As the economic recovery reaches maturity and interest rates begin their inevitable rise upwards, the question now is how alt-credit will perform in the coming months and years. If rates and thereby yields go up, there could be an increased allocation to traditional fixed income.

But Cernicky forecasts that multi-asset alternative credit strategies should perform well over the next 18 months as rates rise and volatility increases. These strategies were designed for the market environment expected in that period, he says.

Also expected to perform well is high yield. Credit fundamentals will remain strong, default will remain low and refinancing risk is muted. High yield also shows low sensitivity to interest rates.

“This will help mitigate the downside risk to high yield, yet still provide for upside potential.

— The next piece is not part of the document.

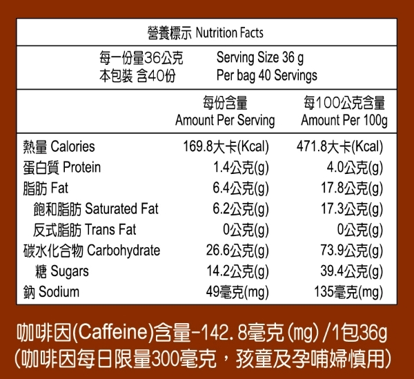 內容物成分:奶精(葡萄糖漿、完全氫化椰子油、脫脂乳粉、乾酪素鈉、無水奶油、磷酸氫二鉀、脂肪酸甘油酯、多磷酸鈉、二氧化矽、單及雙脂肪酸甘油二乙醯酒石酸脂、檸檬酸鉀、天然香料、β-胡蘿蔔素)、砂糖、即溶咖啡。 *本產品含牛奶成份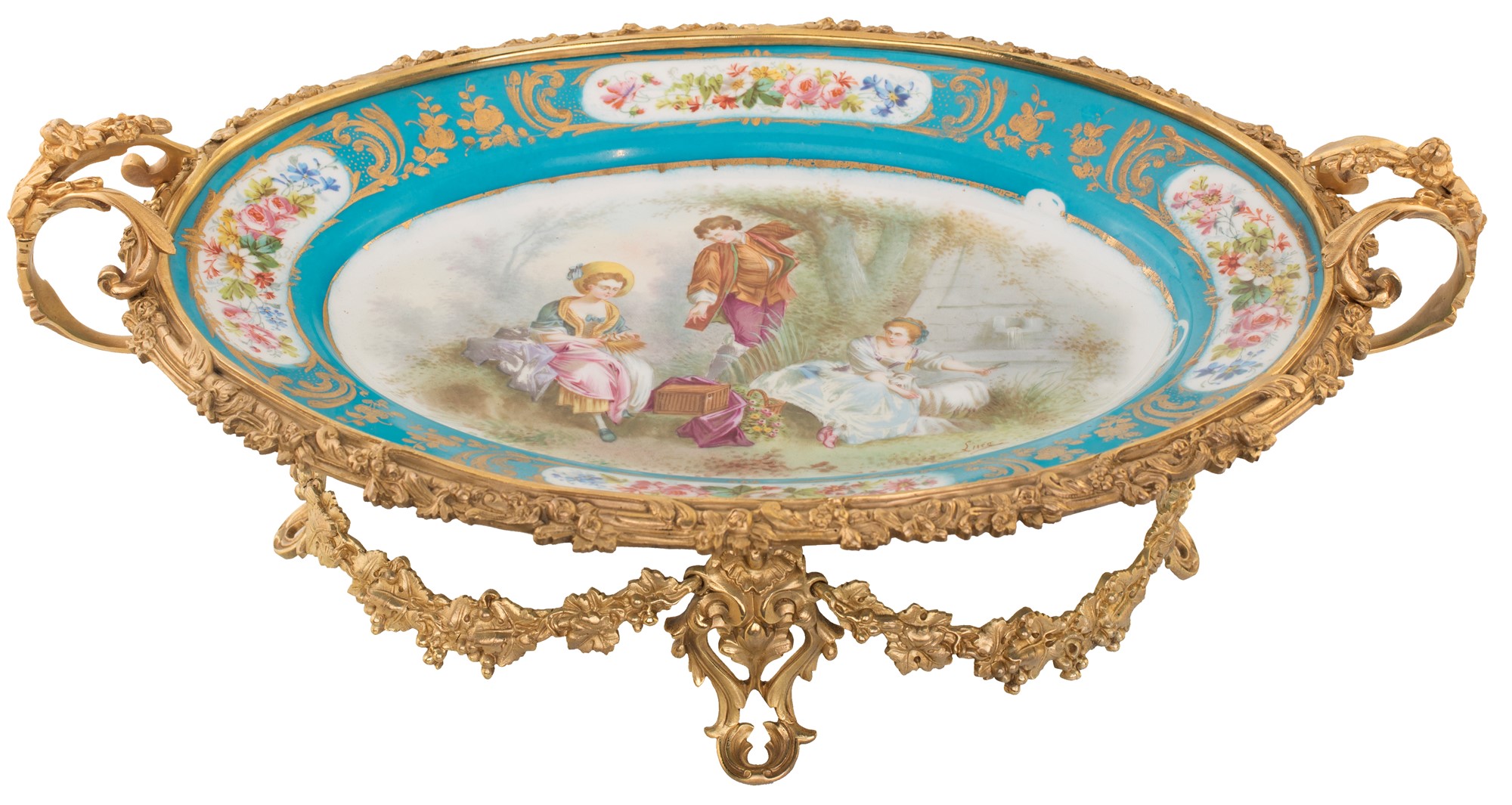 Alzata in porcellana policroma e bronzo dorato, Sèvres, XIX secolo - con...

We also believe high yield bonds outperform loans over the next 18 months as flows into bank loans cap the upside on loans,” Cernicky says.

Change of scene
Growth in the European non-bank debt market has lagged its more mature counterpart in the US, where the borrowing landscape is more developed due largely to the supremacy of bank lending before the global financial crisis.

Historically, 70%-80% of European companies’ finance came from bank loans, with only a minority of debt and equity sourced from capital markets. It is only from 2008 that investors’ concerns regarding bank creditworthiness pushed up bank borrowing costs relative to corporates, which led to the development of many of these markets.

But all is set to change on the European alt-credit scene. Cernicky believes that the demand for alternative credit strategies is likely to increase in Europe as investors increase their allocation to private markets.

The development of the high yield and bank loans markets has been led by the US, but Europe is now catching up: the high yield market on this side of the Atlantic is worth €360 billion, compared to $1,080 billion (€876 billion) in the US, according to figures from Citigroup. At the same time, the European bank loans market is worth €215 billion, compared to

America’s $1,050 billion, according to S&P LCD.

Markets are becoming more liquid and easily accessible, so it is becoming more typical for European investors to invest in alt-credit (which is more widely accepted in their portfolios).
Alt-credit was an unlikely choice for investors in the long winter of recession, but they seem to have acquired a taste for it. Expect to see it on investment menus for some time to come.